A soft interrupt simply sends the SKB in the queue and releases the SKB that has been sent, eliminating the need to linearized or checksum the SKB. In addition, if the queue is stopped, Dev_queue_xmit can still join the package to the queue, but cannot send it, so that when the queue is awakened, a soft interrupt is required to send the backlog of packets during the stop. In short, Dev_queue_xmit is the SKB to do some final processing and the first attempt to send, soft interrupt is to send the former failed or not sent out packets sent out. (In fact, sending a soft interrupt also has a role, is to release the packets that have been sent, because in some cases the transmission is done in a hardware interrupt, in order to improve the efficiency of hardware interrupt processing, the kernel provides a way to release SKB into a soft interrupt, just call DEV_KFREE_SKB_IRQ, It will skb into the Softnet_data completion_queue and then turn on the send soft interrupt, Net_tx_action will release Completion_queue in SKB in a soft interrupt)

http://www.bkjia.com/PHPjc/1103186.html www.bkjia.com true http://www.bkjia.com/PHPjc/1103186.html techarticle two layer (link layer) packet sending process Analysis two layer (link layer) packet sending process Analysis--lvyilong316 Description: This series of blog covers the kernel version is 2.6.32 when the upper-level quasi ...

  • Contact Us

    The content source of this page is from Internet, which doesn't represent Alibaba Cloud's opinion; products and services mentioned on that page don't have any relationship with Alibaba Cloud. If the content of the page makes you feel confusing, please write us an email, we will handle the problem within 5 days after receiving your email.

    If you find any instances of plagiarism from the community, please send an email to: info-contact@alibabacloud.com and provide relevant evidence. A staff member will contact you within 5 working days.

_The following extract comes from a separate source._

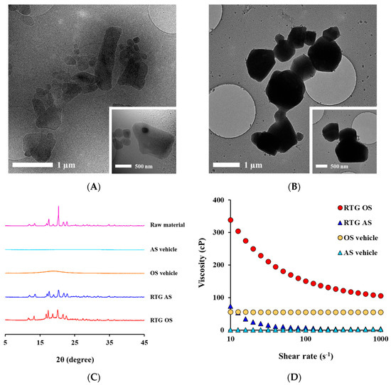 We designed two RTG crystalline suspensions (AS and OS) with comparable particle diameters, and characteristics of injectable suspensions were evaluated by aspect of morphology, drug content, crystal size, viscosity, and crystallinity (Table 3 and Figure 2). The particle sizes were adjusted to 853 nm for AS and 878 nm for OS, respectively, which is within the size range of marked crystalline injectable suspensions. The mean particle sizes of paliperidone palmitate (Invega sustenna®, Janssen, NJ, US), aripiprazole (Abilify maintena®, Otsuka Pharmaceutical Inc., Tokyo, Japan), rilpivirine suspensions (Cabenuva®, ViiV Healthcare, GL, Research Triangle, NC, UK), and olanzapine (Zyprexa Relprevv®, Eli Lilly, Indianapolis, IN, USA) was informed to be <1000 nm, 1–10 µm, <500 nm, and <3 µm, respectively [39,40,41,42]. The morphological features of the RTG nanocrystals suspended in aqueous or oily vehicles were examined by Cryo-TEM (Figure 2A,B). In both formulations, the crystals generally exhibited a rectangular or hexagonal crystalline form. Although the vehicles were different, the identical pulverization process provided a comparable crystalline shape. RTG concentrations in AS and OS were 100.9 mg/mL and 100.7 mg/mL, respectively, indicating no degradation of RTG during fabrication (Table 3). The amount of RTG dissolved in the OS was 19.6 mg/mL, which is markedly higher than AS (0.07 mg/mL), but over 80% of the initial load was suspended as solid state in the oily vehicle (Table 3).

    A Free Trial That Lets You Build Big!

    Start building with 50+ products and up to 12 months usage for Elastic Compute Service

    • Sales Support

      1 on 1 presale consultation

    • After-Sales Support

      24/7 Technical Support 6 Free Tickets per Quarter Faster Response

    • Alibaba Cloud offers highly flexible support services tailored to meet your exact needs.